• Śpiewanie to dla pana chleb powszedni?
– Od jedenastego roku życia śpiewałem na przeróżnych festiwalach piosenki – w Siedlcach, Zielonej Górze... Skończyłem średnią szkołę muzyczną i rozpocząłem studia na Wydziale Wokalnym Wyższej Szkoły Muzycznej. Z pewnych względów przerwałem naukę.
• Coś trzeba było w tej sytuacji przedsięwziąć?
– Zdecydowałem się na studia aktorskie. Bez przygotowania. Zaśpiewałem na egzaminie canzonetkę Scarlattiego i sądziłem, że to wystarczy. Poskutkowało na tyle, że dopuszczono mnie do drugiego etapu ubiegania się o status studenta szkoły aktorskiej. Wtedy to się już troszkę przygotowałem, jakieś teksty do wygłoszenia przed szacowną komisją kwalifikacyjną. I zostałem przyjęty.
• Podobno szkołę teatralną ukończył pan w przyspieszonym tempie?
– Miałem to szczęście, że zaopiekowała się mną Aleksandra Śląska, która już od pierwszego roku studiów zapraszała mnie do udziału w spektaklach Teatru Ateneum. A na trzecim roku miałem już za sobą kilka premierowych spektakli i praktyczny egzamin aktorski.
• A więc jakby w naturalny sposób zbratał się pan z Teatrem Ateneum?
– To prawda, by po 22 latach odejść wraz ze śmiercią dyrektora tej sceny Janusza Warmińskiego. A dzisiaj nie stać mnie na teatr.
• Spodziewałem się innej konkluzji, a mianowicie takiej, że żałuje pan, iż nie gra w tym teatrze, w którym dzielił garderobę ponoć z samym Janem Świderskim?
– ... i z Czesławem Wołłejko. Zachowam ten teatr na zawsze w pamięci, podobnie jak Jana Kłosa, garderobianego, który przyrządzał nam znakomite herbatki z różanym sokiem.
• Teatr jest ostoją dla wielu aktorów, ale pan zdobył popularność głównie dzięki serialom.
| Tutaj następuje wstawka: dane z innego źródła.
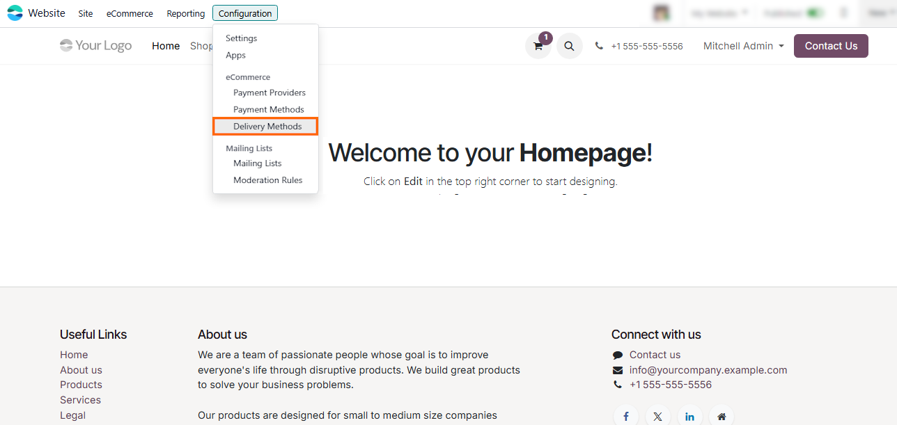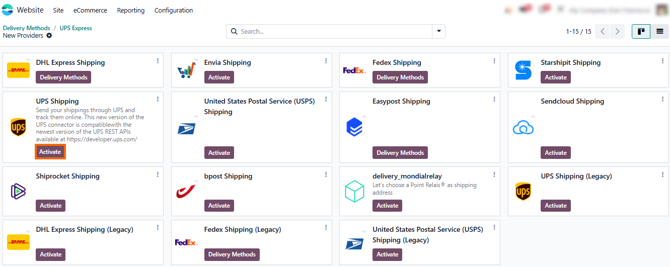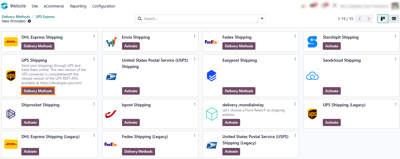 - Go to the Website Module, click on “Configuration” and select “Delivery Methods” to activate or edit providers. Here you can connect Odoo FedEx, UPS, DHL, or USPS depending on your business needs.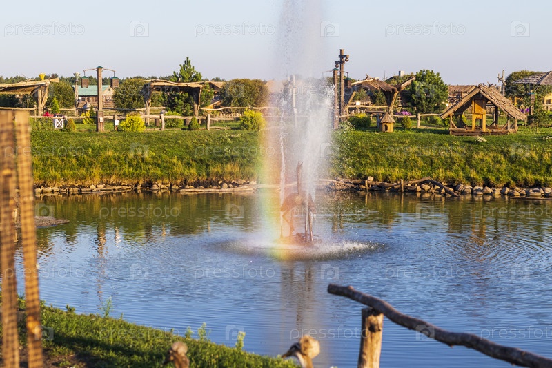 Вид красивого пруда в деревне. На открытом воздухе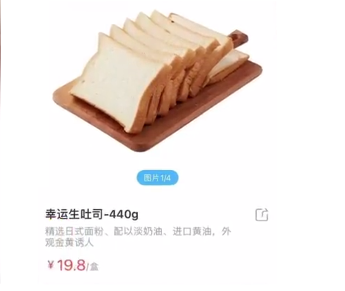 4月6日,消费者严女士通过盒马App从盒马鲜生上海丁香国际店购买了一款“幸运生吐司”产品。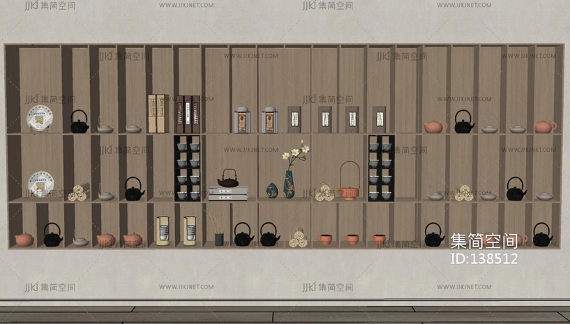 03-新中式茶具_茶叶_茶杯_茶饼_装饰柜_展示柜su模型su草图模型下载

– Jednym z pierwszych był serial „Matki, żony i kochanki”, a teraz „Klan”, w którym jestem ojcem Jasia. Ale powoli wycofuje się z tego serialu. Zagram w innym, sensacyjno–kryminalnym „Gorący temat”, który w telewizyjnej Dwójce będzie emitowany dwa razy w tygodniu. Premiera już wkrótce – 21 grudnia.
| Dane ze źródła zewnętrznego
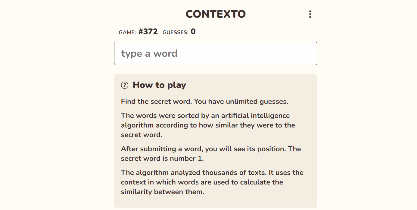 A wholly unique browser-based word game, here you’ll be guessing a new word every day similar to Wordle, but instead of correct letters you’ll receive contextual information from an algorithm about how close/similar your word is to the secret word. With the secret word being #1, the number you’ll get after each of your unlimited guesses will tell you if you’re getting warmer or colder. Have fun with Contexto and don’t tear your hair out!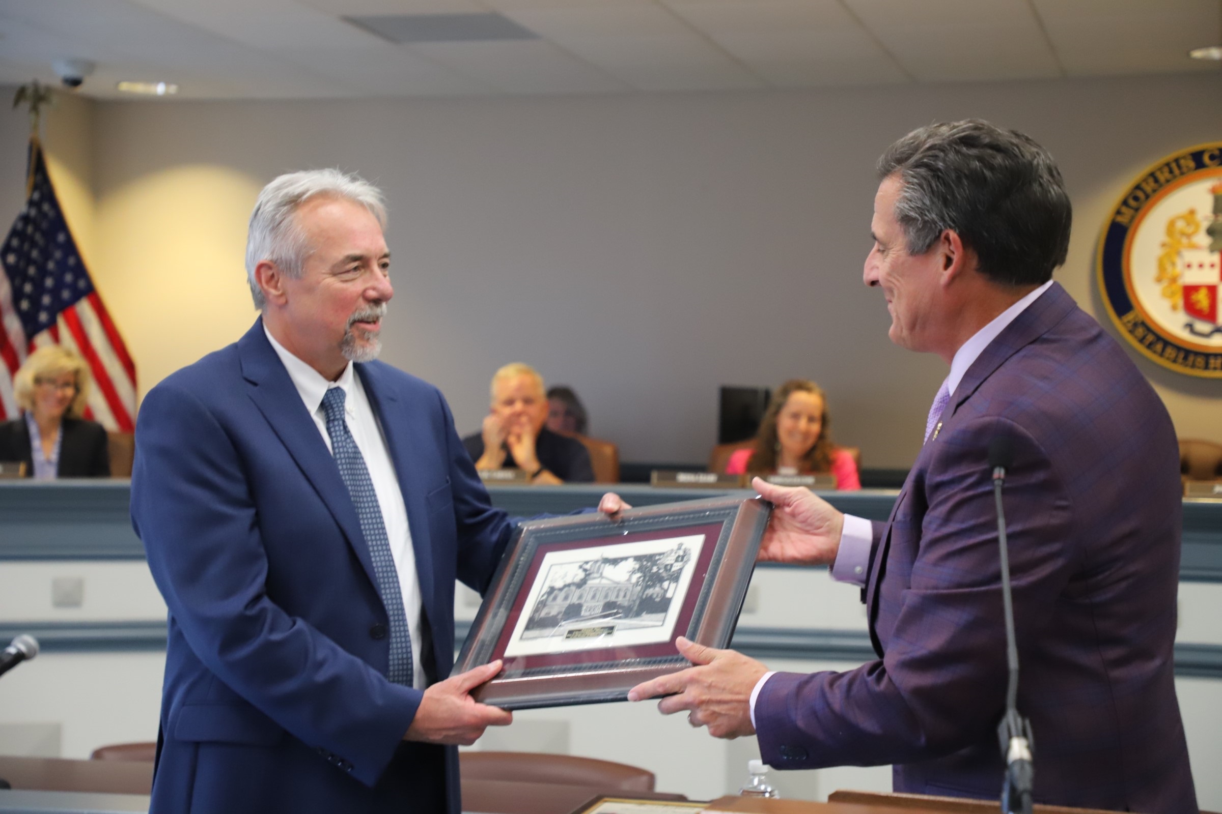 The Commissioners presented Superintendent Walker an official resolution of honor denoting his achievements, along with an etching of the Morris County Courthouse. The etching bears a placard that simply reads: “Thank You, Christopher A. Walker For 25 Years of Distinguished Service To the People of Morris County.”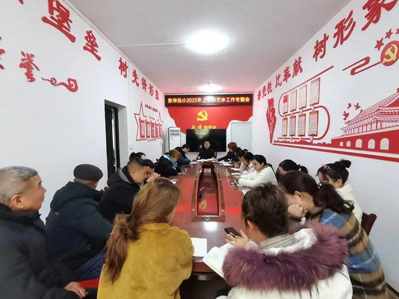 本网讯 2月24日 ,梅城镇东华完小艺体组全体教师齐聚会议室,召开2023年上学期艺体工作专题会。会议由校长王团主持,教导主任罗玉练主讲。 会上,罗玉练带领艺体组教师温习《湖南省义务教育课程实施办法》相关条例,并从共读艺体新课标、聚焦核心素养、立足课堂常规、引领学校发展四个方面提出确切要求。她指出:一是要将东华完小的红色底蕴及准军事化管理制度融入艺体课的教学设计和课堂实践中;二是将通过庆“六一”系列活动展示课后服务艺体社团的阶段性成果;三是艺体教师应立足课堂,增强学科育人功能,促进学生全面发展。 体育组教师代表喻正凡表示,艺体教学工作整改迫在眉睫、需常抓不懈。他简要分享从教以来的经验和思考,强调教学内容的选择、课堂教学的组织、教学评价等都要以学生为中心,促进“学、赛、练”有机结合。 王团对学校艺体课程教学现状进行态势分析,要求与会教师:平时扎实课堂教学,做好教育教学常规;充分挖掘教学资源,抓好课后服务工作;严把质量突破关,在总结中反思,在反思中提升。

• Serialową popularność zyskuje pana córka.
– Karolina, istotnie, poszła w moje ślady i gra w serialu „Na dobre i na złe”. Z zainteresowaniem śledzę jej postępy w zawodzie aktorskim.
• Nie sposób w tej rozmowie pominąć pana wielkiej pasji, jaką są auta. Czy to prawda, że jest pan właścicielem zabytkowego samochodu?
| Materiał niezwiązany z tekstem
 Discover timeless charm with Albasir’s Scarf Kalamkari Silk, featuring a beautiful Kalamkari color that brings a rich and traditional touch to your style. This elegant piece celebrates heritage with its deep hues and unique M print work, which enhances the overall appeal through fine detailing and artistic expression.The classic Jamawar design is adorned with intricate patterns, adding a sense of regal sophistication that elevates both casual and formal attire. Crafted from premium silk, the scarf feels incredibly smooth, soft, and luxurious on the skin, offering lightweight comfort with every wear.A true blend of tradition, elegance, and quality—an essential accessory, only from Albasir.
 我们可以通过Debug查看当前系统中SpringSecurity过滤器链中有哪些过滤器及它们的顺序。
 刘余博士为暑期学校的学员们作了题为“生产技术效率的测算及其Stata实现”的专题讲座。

– Miałem kilka aut, nawet jeździłem mercedesem wyprodukowanym w tym samym roku, w którym się urodziłem. A teraz jeżdżę mercedesem, rocznik 1966. To dobra marka, z tradycjami. Zdarzało się, że trafiały do mnie auta w stanie kompletnej ruiny. Sam je remontowałem, poświęcając wszystkie wolne chwile. Moja miłość do starych aut jest tak wielka, że gdybym nie był aktorem, prowadziłbym najpewniej warsztat samochodowy.